Hingga akhir November 2013, perkara yang
berhasil diputus berjumlah 14.736 perkara. Menurut Ketua MA,
produktivitas dalam memutus perkara di tahun 2013 yang mencapai jumlah
14.736 merupakan yang tertinggi dalam satu dekade terakhir, bahkan dalam
sejarah MA.
Jumlah ini melampaui rekor memutus perkara tertinggi
sebelumnya di tahun 2010 yang mencapai 13.891 perkara. Jumlah perkara
putus yang tinggi ini berdampak pada berkurangnya sisa perkara hingga
hanya berjumlah 6.592 perkara.
"Ini merupakan sisa perkara paling rendah sepanjang sejarah MA," kata Hatta Ali seperti dilansir website MA, Jumat (20/12/2013).
Mantan
Ketua Muda MA bidang Pengawasan ini membandingkan capaian dengan tahun
2012 yang hanya berhasil memutus 10.995 kasus. Sehingga sisa perkara
melambung menjadi 10.112 kasus. Padahal di tahun sebelumnya perkara
putus berjumlah 13.719 dan sisa perkara berada di angka 7.695.
Menurunnya jumlah produktivitas di tahun 2012 ini bukan dikarenakan
rendahnya etos kerja hakim agung.
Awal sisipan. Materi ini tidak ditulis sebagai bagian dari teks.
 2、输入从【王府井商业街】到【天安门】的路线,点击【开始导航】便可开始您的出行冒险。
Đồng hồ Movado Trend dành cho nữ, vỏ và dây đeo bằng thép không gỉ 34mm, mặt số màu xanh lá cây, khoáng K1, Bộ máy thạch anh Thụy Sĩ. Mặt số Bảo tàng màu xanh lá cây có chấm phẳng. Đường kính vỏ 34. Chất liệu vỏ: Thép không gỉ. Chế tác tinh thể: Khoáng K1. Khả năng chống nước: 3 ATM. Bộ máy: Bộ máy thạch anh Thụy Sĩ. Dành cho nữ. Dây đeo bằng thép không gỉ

Sebab banyak faktor yang saling
berkontribusi terhadap menurunnya jumlah perkara putus.
"Tahun
2012 banyak hakim agung yang pensiun, terjadi suksesi kepemimpinan di
awal tahun 2013, dan banyak hakim yang terlibat di berbagai kegiatan di
luar sehingga berpengaruh kepada menurunnya jumlah perkara putus," jelas
hakim agung yang menyandang gelar doktor dari Universitas Padjadjaran
(Unpad) itu.
Berkaca dengan fenomena menurunnya produktivitas
tersebut, di tahun 2013 telah dilakukan berbagai perubahan kebijakan.
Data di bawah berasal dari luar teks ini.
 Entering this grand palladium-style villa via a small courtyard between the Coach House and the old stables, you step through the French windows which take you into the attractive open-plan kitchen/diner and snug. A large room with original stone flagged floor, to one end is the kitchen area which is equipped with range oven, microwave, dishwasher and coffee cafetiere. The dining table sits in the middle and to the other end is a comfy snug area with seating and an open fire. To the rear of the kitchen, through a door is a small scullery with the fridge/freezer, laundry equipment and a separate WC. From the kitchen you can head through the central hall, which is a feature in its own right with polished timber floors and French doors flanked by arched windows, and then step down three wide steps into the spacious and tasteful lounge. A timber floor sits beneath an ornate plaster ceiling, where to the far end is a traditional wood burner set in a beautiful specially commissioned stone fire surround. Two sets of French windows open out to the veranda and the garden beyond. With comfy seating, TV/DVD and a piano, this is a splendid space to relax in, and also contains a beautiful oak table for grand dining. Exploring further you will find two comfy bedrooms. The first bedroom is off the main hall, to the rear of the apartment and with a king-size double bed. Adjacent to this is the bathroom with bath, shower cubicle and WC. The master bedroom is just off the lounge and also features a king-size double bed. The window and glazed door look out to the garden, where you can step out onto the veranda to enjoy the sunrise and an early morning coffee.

Seperti hakim agung "dilarang" beraktivitas di luar gedung MA di hari
dan jam kerja. Permintaan menjadi nara sumber dapat dipenuhi sepanjang
mendapat izin Ketua MA. Di tahun 2013, Rakernas juga ditiadakan.
Kebijakan lainnya adalah dengan menerbitkan SK yang mengubah sistem
membaca berkas bergiliran menjadi membaca berkas bersama. SK ini pun
membatasi jangka waktu memutus perkara untuk perkara biasa paling lama
tiga bulan.
"Dengan implementasi SK ini, diharapkan di tahun 2014
jumlah perkara putus akan lebih meningkat karena hari musyawarah dan
ucapan telah ditetapkan di muka," ucap Hatta Ali berharap.